Jetzt nur noch der Typ mit der Katze – dann kann es losgehen. Marc schaut aus dem Behandlungszimmer.
»So, Herr Weiler, dann lassen Sie uns mal nachsehen, was Lucy haben könnte. Kommen Sie bitte?«
Und zwar ein bisschen dalli, möchte ich hinzufügen, wenn ich mir ansehe, mit welchem Schneckentempo dieser Herr Weiler in Marcs Richtung schleicht. Wir haben schließlich noch etwas Besseres vor!
Ich lege mich vor die Tür des Behandlungszimmers. Nicht, dass sich hier noch irgendein Notfall reinmogelt. Nach der Katze ist Schluss, basta!

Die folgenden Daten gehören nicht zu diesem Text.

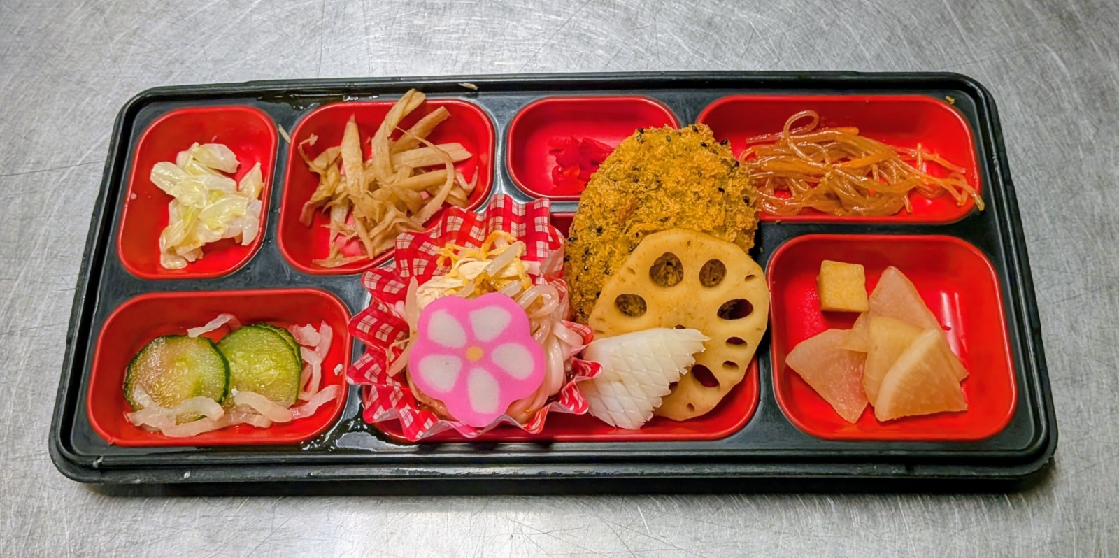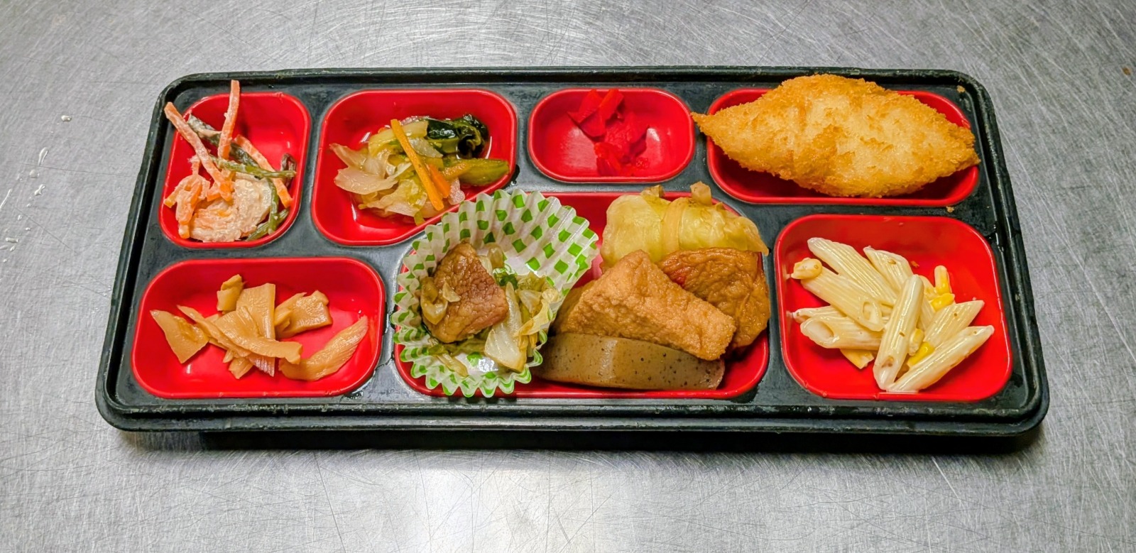 マヌルカンジャンチキン、煮卵、薩摩揚げ、金平牛蒡、韓国風サラダ、たらこスパゲティー、ピーマンお浸し

»Na, Herkules, brauchst du auch einen Arzt?« Marcs Mutter hockt sich neben mich und krault mich unter dem Kinn. »Oder willst du noch ein kleines Fresschen, bevor ihr losfahrt?«
»Mutter, hör bitte auf, den Hund zu mästen. Der braucht weder drei Mahlzeiten am Tag noch zwei Kilo mehr auf den Rippen. Und dann bring mir doch bitte mal die Patientenakte von Lucy Weiler, hier liegt leider die falsche.« Marc steckt den Kopf durch die Tür des Behandlungszimmers.